● Task goal: Begin with the line that holds "باسل نصار، أ.امجد" and retype through the last line of the listing below, exactly; pictures are not part of the copy.

● Source material:
⁂
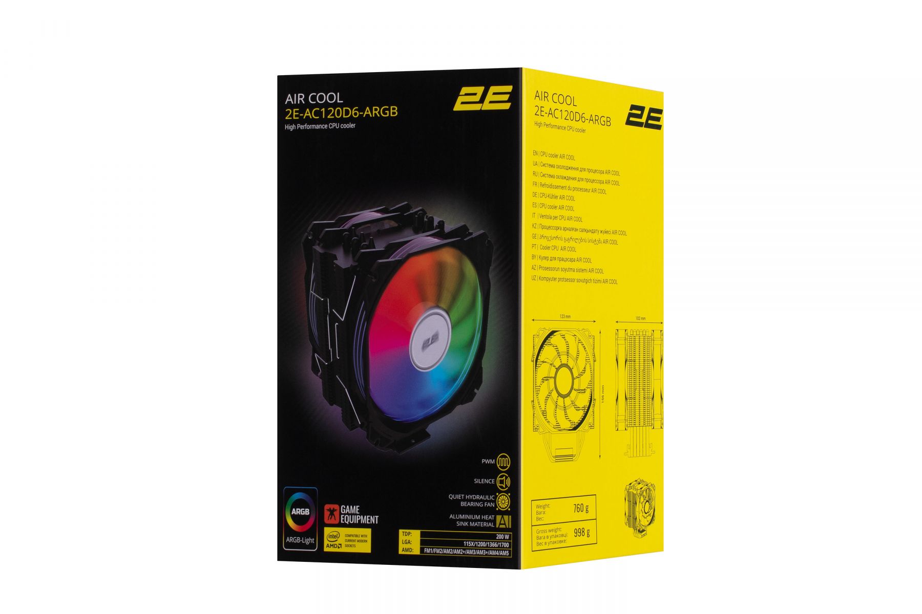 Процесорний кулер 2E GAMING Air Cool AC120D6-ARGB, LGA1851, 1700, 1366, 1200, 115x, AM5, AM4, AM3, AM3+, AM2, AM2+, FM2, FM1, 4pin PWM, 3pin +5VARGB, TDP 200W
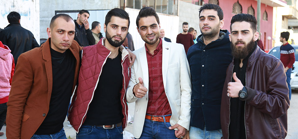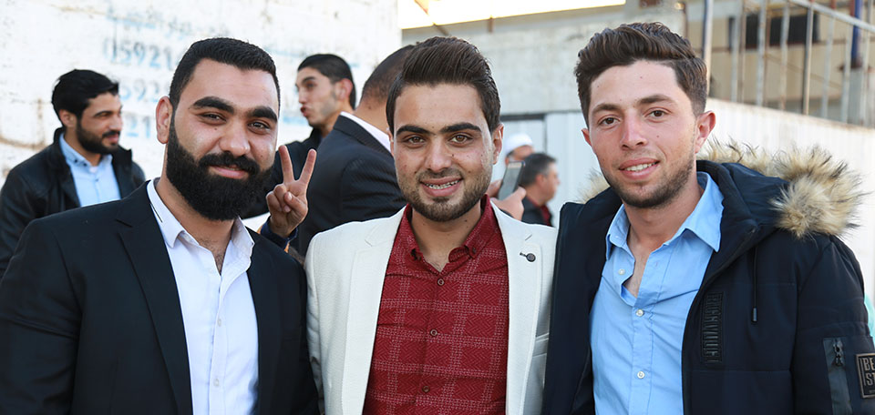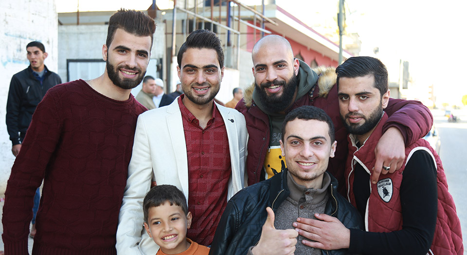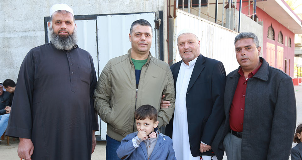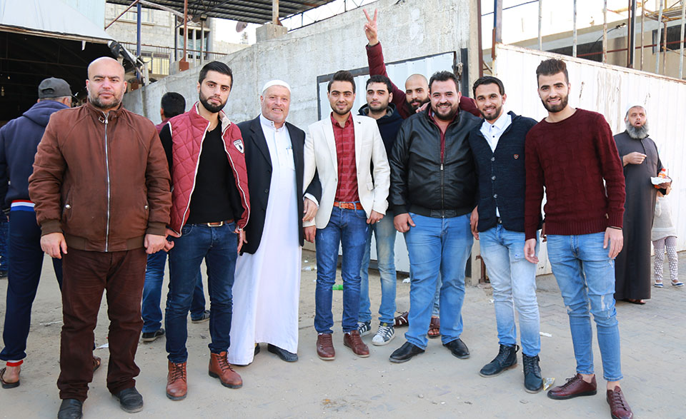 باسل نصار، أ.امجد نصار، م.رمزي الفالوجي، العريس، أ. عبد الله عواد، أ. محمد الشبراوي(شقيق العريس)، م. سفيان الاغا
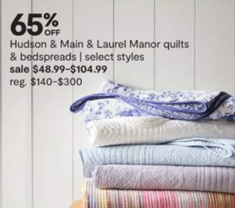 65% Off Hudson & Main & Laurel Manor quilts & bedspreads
⁂
● Exercise response:
 باسل نصار، أ.امجد نصار، م.رمزي الفالوجي، العريس، أ. عبد الله عواد، أ. محمد الشبراوي(شقيق العريس)، م. سفيان الاغا
 65% Off Hudson & Main & Laurel Manor quilts & bedspreads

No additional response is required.